Solving a system of multivariable equations

[maxjohnson]

Consider the equation system

x*e^y + y*f(z) = a
x*g(x,y) +z^2 = b

where f(z) and g(x,y) are differentiable functions, and a and b are constants. Suppose that the system defines x and y as differentiable functions of z. Find expressions for dx/dz and dy/dz.

Any help would be appreciated!

Thank you!

 

[Greg]

Hello maxjohnson and welcome to MHB! :D

We ask that our users show their progress (work thus far or thoughts on how to begin) when posting questions. This way our helpers can see where you are stuck or may be going astray and will be able to post the best help possible without potentially making a suggestion which you have already tried, which would waste your time and that of the helper.
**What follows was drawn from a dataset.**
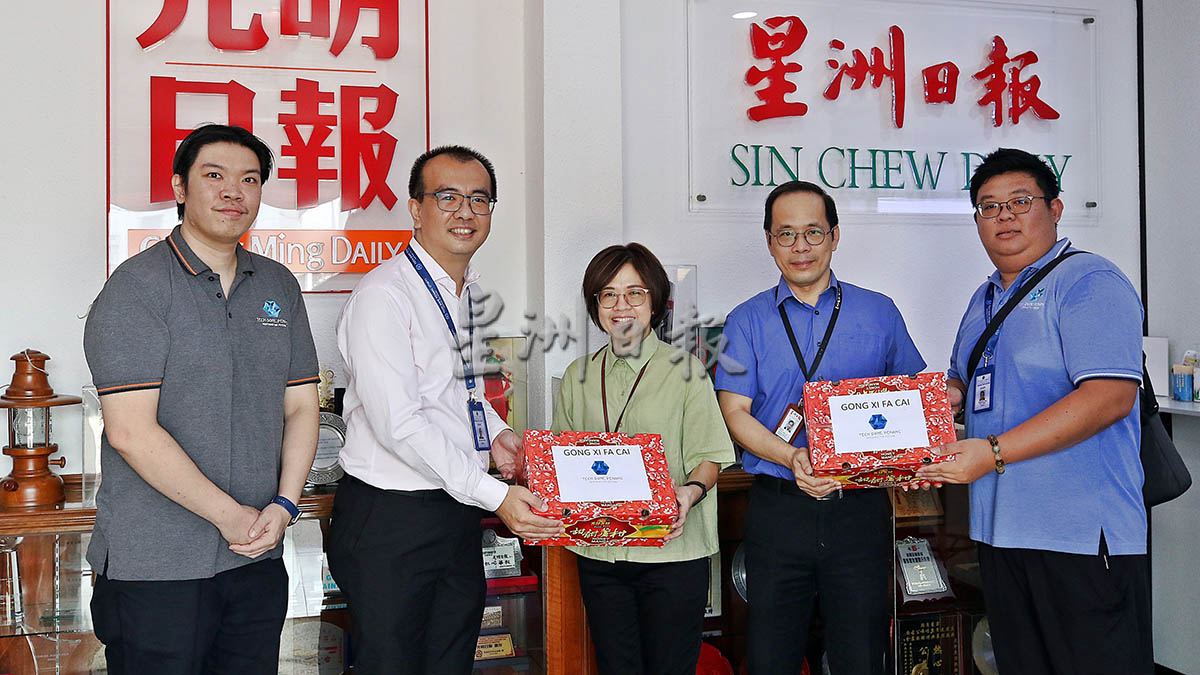 槟城圆顶科学馆(Tech Dome Penang)高级教育顾问龚威杨(左一起)、首席执行员邱武威及高级维修执行员杜永升(右一),到访星洲日报槟城办事处与光明日报总社,祝贺两报同仁和读者龙年行大运,获星洲日报北马区高级采访主任蔡振裕(右二起)、光明日报新闻主任周秀惠接待。(林晓慧摄)

Can you post what you have done so far?

 

[maxjohnson]

This is what I’ve got so far:

1. dxe^y + dyxe^y + dyf(z) + yf’(z)dz = 0

2. g(x,y) + x(dg(x,y)/dx)dx + x(dg(x,y)/dy)dy = -2zdz

 

[I like Serena]

This is what I’ve got so far:

1. dxe^y + dyxe^y + dyf(z) + yf’(z)dz = 0

2. g(x,y) + x(dg(x,y)/dx)dx + x(dg(x,y)/dy)dy = -2zdz

Hi maxjohnson! Welcome to MHB! (Smile)

Good.
Now divide both equations by dz, so that they will contain $\d x z$ and $\d y z$.
That means we have 2 equations with $\d x z$ and $\d y z$ as unknowns, which we can solve can't we? (Wondering)
(Click Reply With Quote if you want to know how to format derivatives like that.)

 

[S.G. Janssens]

I'm not so fond of treating derivatives as quotients of differentials, but I think formally it works out here.
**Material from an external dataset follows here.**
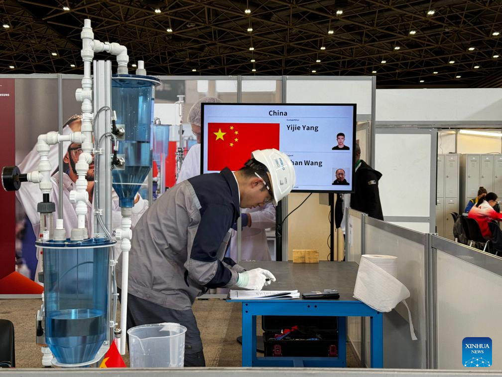 This year's competition is scheduled to run from Sept. 11 to 14, with the closing ceremony on Sept. 15. The event will bring together approximately 1,400 participants from nearly 70 countries and regions, competing in 59 skill categories. (Xinhua/Luo Yu)

Without wanting to be argumentative, I would like to add some comments that I hope could be helpful for the OP and/or others. The original system from post #1 is
\[
\left\{
\begin{aligned}
x e^y + y f(z) &= a\\
x g(x,y) +z^2 &= b
\end{aligned}
\right.
\]
It was given that the system defines $x$ and $y$ as differentiable functions of $z$, but how do we find out whether this is indeed the case? This can be done together with the rest of the problem along the following lines, at least locally and provided that we are allowed to assume additionally that the derivatives of $f$ and $g$ are continuous.
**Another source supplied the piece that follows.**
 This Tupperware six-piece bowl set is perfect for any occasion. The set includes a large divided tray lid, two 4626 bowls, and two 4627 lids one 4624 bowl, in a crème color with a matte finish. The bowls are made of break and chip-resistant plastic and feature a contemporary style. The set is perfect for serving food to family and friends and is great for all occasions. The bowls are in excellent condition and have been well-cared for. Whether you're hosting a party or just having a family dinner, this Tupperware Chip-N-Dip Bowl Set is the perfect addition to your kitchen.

The above system can be written as $F(x,y,z) = 0$ with $F : \mathbb{R}^2 \times \mathbb{R} \to \mathbb{R}^2$ given by
\[
F(x, y, z) =
\begin{pmatrix}
x e^y + y f(z) - a\\
x g(x,y) +z^2 - b
\end{pmatrix}
\]
Let $D_1F$ be the partial derivative of $F$ with respect to its first two arguments. At any point $(x_0,y_0,z_0) \in \mathbb{R}^3$ where $F(x_0,y_0,z_0) = 0$ and the $2 \times 2$ matrix $D_1F(x_0,y_0,z_0)$ is non-singular, the Implicit Function Theorem applies: There exists a continuously differentiable function $G$, defined in a neighborhood $U$ of $z_0$ and taking values in a neigborhood $V$ of $(x_0,y_0)$, such that for each $z \in U$ the equation $F(x,y,z) = 0$ has the unique solution $G(z) \in V$. We may differentiate the relation $F(G(z),z) = 0$ with respect to $z \in U$ to find
\[
D_1F(G(z),z)DG(z) + D_2F(G(z),z) = 0,
\]
so $DG(z) = -[D_1F(G(z),z)]^{-1}D_2F(G(z),z)$ for all $z \in U$. (The non-singularity of $D_1F(G(z_0),z_0)$ and the continuity of the derivatives of $f$ and $g$ are used together to ensure that the matrix inverse exists for $z$ near $z_0$.)